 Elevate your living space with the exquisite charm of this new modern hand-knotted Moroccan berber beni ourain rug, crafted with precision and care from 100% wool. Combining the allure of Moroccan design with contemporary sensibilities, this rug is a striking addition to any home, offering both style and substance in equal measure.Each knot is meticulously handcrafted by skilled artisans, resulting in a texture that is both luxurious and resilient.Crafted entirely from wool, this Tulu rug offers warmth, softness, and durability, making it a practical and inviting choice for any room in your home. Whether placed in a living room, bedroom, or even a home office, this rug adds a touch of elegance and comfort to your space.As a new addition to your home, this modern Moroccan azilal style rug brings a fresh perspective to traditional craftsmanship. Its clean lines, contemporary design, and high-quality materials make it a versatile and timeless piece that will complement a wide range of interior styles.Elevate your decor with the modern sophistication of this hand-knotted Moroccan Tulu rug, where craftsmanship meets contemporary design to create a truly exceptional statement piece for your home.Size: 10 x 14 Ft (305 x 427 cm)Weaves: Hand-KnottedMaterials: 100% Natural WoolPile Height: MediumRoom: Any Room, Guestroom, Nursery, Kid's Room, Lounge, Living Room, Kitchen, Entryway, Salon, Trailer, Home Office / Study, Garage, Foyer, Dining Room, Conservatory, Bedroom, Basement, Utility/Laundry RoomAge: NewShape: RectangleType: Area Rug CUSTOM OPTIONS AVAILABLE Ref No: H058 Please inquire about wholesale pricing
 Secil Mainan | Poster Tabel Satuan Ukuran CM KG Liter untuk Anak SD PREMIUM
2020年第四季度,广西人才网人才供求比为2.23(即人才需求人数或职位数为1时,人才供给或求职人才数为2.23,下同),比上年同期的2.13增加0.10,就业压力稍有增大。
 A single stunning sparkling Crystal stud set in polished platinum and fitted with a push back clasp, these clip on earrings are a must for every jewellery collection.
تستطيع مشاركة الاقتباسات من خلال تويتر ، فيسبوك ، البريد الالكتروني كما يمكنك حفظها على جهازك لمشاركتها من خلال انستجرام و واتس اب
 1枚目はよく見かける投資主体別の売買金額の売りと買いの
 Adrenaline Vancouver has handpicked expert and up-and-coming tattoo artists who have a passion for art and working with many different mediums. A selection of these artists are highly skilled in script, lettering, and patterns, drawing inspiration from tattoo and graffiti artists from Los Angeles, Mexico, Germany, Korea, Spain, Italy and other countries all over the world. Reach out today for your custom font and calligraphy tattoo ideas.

##############################

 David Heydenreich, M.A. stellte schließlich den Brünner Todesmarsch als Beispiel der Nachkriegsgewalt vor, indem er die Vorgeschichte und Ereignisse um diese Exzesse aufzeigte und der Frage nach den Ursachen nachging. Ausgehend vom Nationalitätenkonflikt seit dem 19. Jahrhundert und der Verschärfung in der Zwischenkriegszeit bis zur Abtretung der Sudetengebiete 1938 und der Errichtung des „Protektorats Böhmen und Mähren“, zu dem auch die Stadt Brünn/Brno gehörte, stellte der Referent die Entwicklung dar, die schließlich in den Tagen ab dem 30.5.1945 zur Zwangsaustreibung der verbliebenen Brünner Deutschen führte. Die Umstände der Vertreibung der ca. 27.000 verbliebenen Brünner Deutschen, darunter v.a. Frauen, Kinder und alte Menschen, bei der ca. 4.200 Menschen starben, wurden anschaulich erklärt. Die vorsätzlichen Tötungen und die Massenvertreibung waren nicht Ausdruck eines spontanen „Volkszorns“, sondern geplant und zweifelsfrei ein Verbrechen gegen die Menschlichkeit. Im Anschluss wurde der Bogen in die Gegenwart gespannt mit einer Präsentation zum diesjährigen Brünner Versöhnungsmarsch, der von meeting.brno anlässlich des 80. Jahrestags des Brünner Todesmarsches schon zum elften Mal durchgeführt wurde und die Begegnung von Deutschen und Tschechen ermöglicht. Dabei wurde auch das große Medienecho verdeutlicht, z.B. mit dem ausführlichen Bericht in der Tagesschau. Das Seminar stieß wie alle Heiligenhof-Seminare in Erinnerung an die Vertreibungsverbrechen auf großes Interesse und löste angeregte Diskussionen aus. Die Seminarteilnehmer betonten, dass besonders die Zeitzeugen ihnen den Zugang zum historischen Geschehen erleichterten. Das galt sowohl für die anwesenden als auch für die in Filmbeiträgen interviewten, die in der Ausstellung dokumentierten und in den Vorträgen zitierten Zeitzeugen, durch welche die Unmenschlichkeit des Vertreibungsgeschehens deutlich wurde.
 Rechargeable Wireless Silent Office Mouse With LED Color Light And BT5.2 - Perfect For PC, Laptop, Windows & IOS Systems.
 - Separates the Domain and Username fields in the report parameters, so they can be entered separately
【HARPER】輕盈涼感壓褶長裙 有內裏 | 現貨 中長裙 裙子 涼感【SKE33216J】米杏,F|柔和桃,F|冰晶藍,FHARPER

##############################

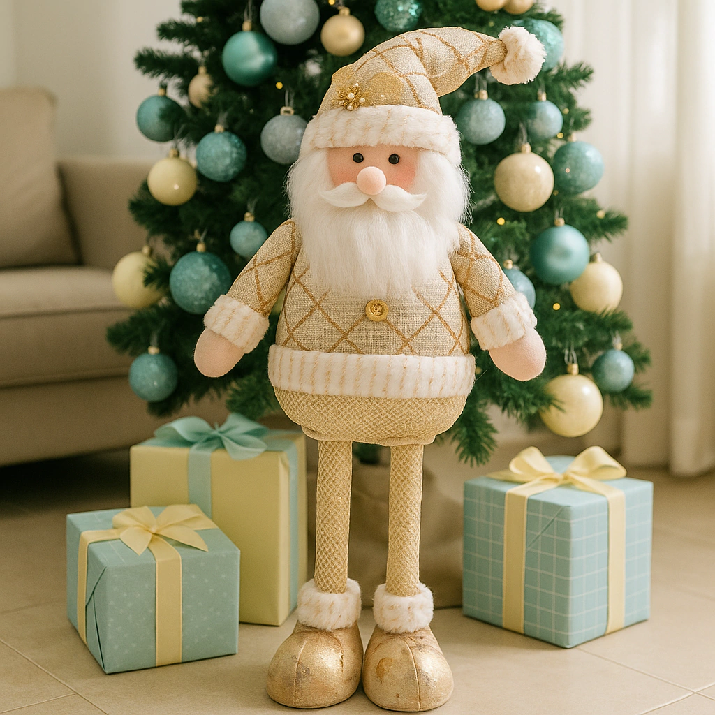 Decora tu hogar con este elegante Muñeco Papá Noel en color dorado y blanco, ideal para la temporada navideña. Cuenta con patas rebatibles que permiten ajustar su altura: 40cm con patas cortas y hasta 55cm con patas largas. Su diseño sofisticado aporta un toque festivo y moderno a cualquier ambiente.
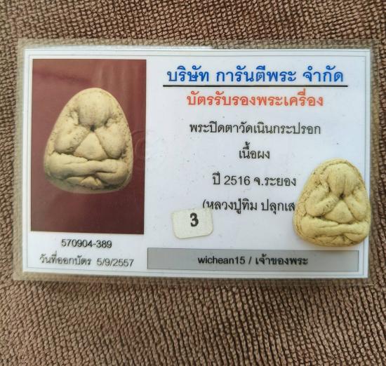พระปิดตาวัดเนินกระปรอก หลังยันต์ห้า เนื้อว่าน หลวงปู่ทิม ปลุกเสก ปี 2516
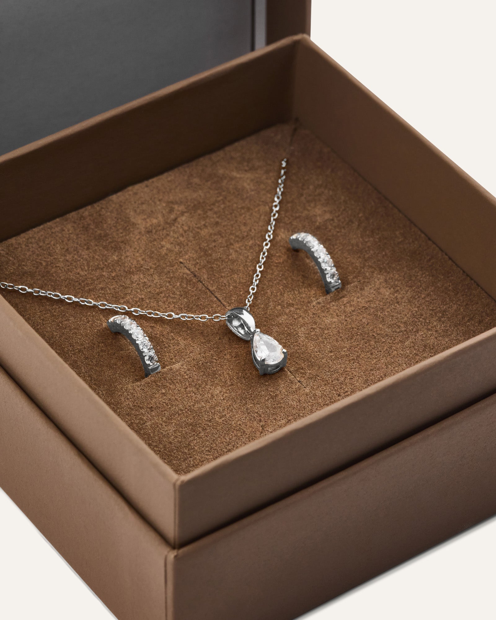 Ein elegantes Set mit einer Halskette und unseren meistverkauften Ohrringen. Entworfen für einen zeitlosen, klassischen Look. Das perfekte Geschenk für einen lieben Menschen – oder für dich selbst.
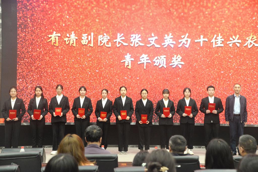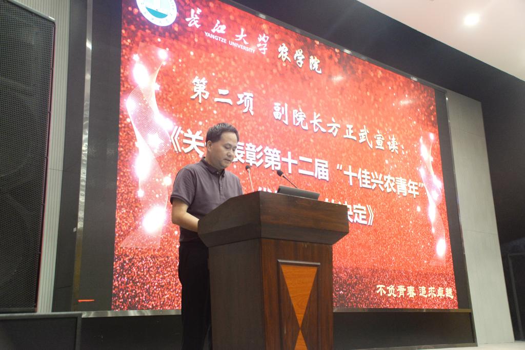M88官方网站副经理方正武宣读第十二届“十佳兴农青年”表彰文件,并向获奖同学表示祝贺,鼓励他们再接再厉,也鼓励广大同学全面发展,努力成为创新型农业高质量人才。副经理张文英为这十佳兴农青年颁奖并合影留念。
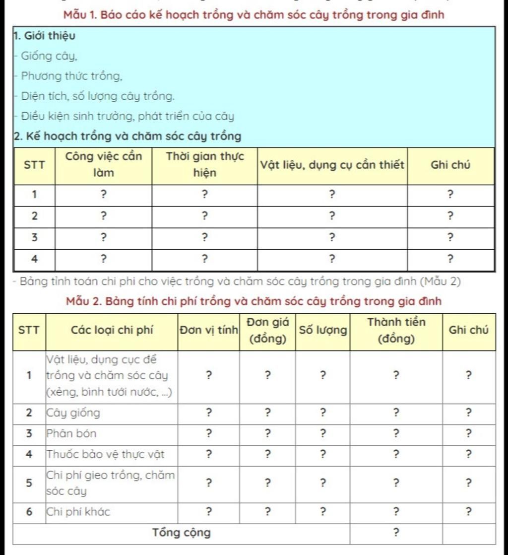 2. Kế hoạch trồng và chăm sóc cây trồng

##############################

• [Work required] In the data above, find the line with "Elevate your living" and the line with "2020年第四季度,广西人才". Retype both, plus every line between them, exactly.

• [Problem solution]
 Elevate your living space with the exquisite charm of this new modern hand-knotted Moroccan berber beni ourain rug, crafted with precision and care from 100% wool. Combining the allure of Moroccan design with contemporary sensibilities, this rug is a striking addition to any home, offering both style and substance in equal measure.Each knot is meticulously handcrafted by skilled artisans, resulting in a texture that is both luxurious and resilient.Crafted entirely from wool, this Tulu rug offers warmth, softness, and durability, making it a practical and inviting choice for any room in your home. Whether placed in a living room, bedroom, or even a home office, this rug adds a touch of elegance and comfort to your space.As a new addition to your home, this modern Moroccan azilal style rug brings a fresh perspective to traditional craftsmanship. Its clean lines, contemporary design, and high-quality materials make it a versatile and timeless piece that will complement a wide range of interior styles.Elevate your decor with the modern sophistication of this hand-knotted Moroccan Tulu rug, where craftsmanship meets contemporary design to create a truly exceptional statement piece for your home.Size: 10 x 14 Ft (305 x 427 cm)Weaves: Hand-KnottedMaterials: 100% Natural WoolPile Height: MediumRoom: Any Room, Guestroom, Nursery, Kid's Room, Lounge, Living Room, Kitchen, Entryway, Salon, Trailer, Home Office / Study, Garage, Foyer, Dining Room, Conservatory, Bedroom, Basement, Utility/Laundry RoomAge: NewShape: RectangleType: Area Rug CUSTOM OPTIONS AVAILABLE Ref No: H058 Please inquire about wholesale pricing
 Secil Mainan | Poster Tabel Satuan Ukuran CM KG Liter untuk Anak SD PREMIUM
2020年第四季度,广西人才网人才供求比为2.23(即人才需求人数或职位数为1时,人才供给或求职人才数为2.23,下同),比上年同期的2.13增加0.10,就业压力稍有增大。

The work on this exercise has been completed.